Until I came to the next green line marked 2% and clicked on it. The highlighted section popped up and caught my eye. It was 2 sentences ( 2% of 1000 words — not the document in its entirety)
I have the screenshots, but I’m going to paraphrase the highlighted section or quote it to the best of my memory, because I simply cannot, at the moment look one more time at that highlighted section.
Next, I was sexually abused by my nephew. And nobody believed me, not even my parents.
Bam! that was the trigger. So, not only was this 1000 words of a document popping 10% plagiarized (still a low number, I know, but I was already triggered) but it was about incest. And why? To earn $10.00?
The source of these highlighted words was the how to recognize signs of sexual abuse paper.
So, of course, some people have the same story and are disbelieved by everyone. So I wasn’t getting hung up on the second sentence. The nephew part is pretty specific, though.
I am sure if I was not myself a survivor of incestuous sexual child abuse, I would not have been triggered the way I was. I would’ve seen 10% plagiarism and seen that the content wasn’t from the same author, rejected the story from my community, and forgotten all about it.
I am, however, a survivor. I have so many “#metoo” moments in my history, I can’t remember all of them. Until I’m triggered, I guess. And my brain, my thinking, logical, rational brain can’t process the flashes of so many memories. I simply get thrown into emotional flashbacks. Flashing back to the emotions I experienced after each molestation, each rape, each sexual harassment in the workplace, each time I was violated sexually as a child in a mental hospital only to have the same guy walk into my work half a decade later.
Over 45 years of sexually abusive predation.
There are reasons I’m an extreme introvert.
Yesterday morning my anxiety went shooting through the roof.

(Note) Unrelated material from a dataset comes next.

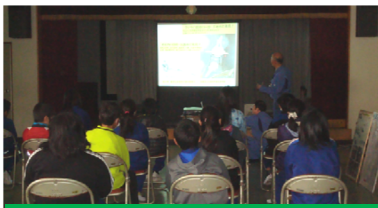
小学校の社会科の授業

Yesterday was my scheduled date day with my husband. I had no idea if I could perform. I had no idea if I could enjoy the performance. I could. And I sort of did but was so anxious, I was jittery and forgetful. I wanted to change the sheets before our spa day backrubs. I forgot. I could barely enjoy the first back massage I’ve gotten from my husband in over 10 years. I didn’t relax in the Epsom salt bubble bath. I don’t think I’ve yet been able to relish the idea that my husband did everything I asked. Bath, backrub, and positions included.
I was too anxious. Too angry. I still am.
Fight, flight, freeze, or fawn.
Fight and freeze are usually the first two behaviors I manifest. Usually at the same time, which is a physical impossibility and causes more dissonance. So, flight comes next. I flee from the emotions triggered. I must escape at any and all costs.
If I am unable to escape, I become even more angry, even more anxious.
Today is day 2 of fight and flight. I can concentrate on much. This entire piece is just free typing.
I have brain fog, but can’t concentrate enough to process explanations or to access my logic centers.
I have tried streaming. I’m binge-watching Get Shorty the series remake of the movie Get Shorty. It’s a good series. I can’t watch more than .25 of an episode.
I have tried reading but don’t even get me started on that one. I probably won’t even be able to read what I’ve already written in order to edit it.
I’m smoking too much. I smoked a whole pack yesterday. I’m drinking too much. I asked my husband at 6:30 this morning if it was too early to start drinking. He said, “Nope. Sun’s up.”
I have to stop at this. I’m going to submit it as is to TBI. I’ve got a Thrifty Words Challenge coming up, and will also link it there.
After a few days, I’ll post it to the other blogging platform. I have forbidden myself to go there until Monday.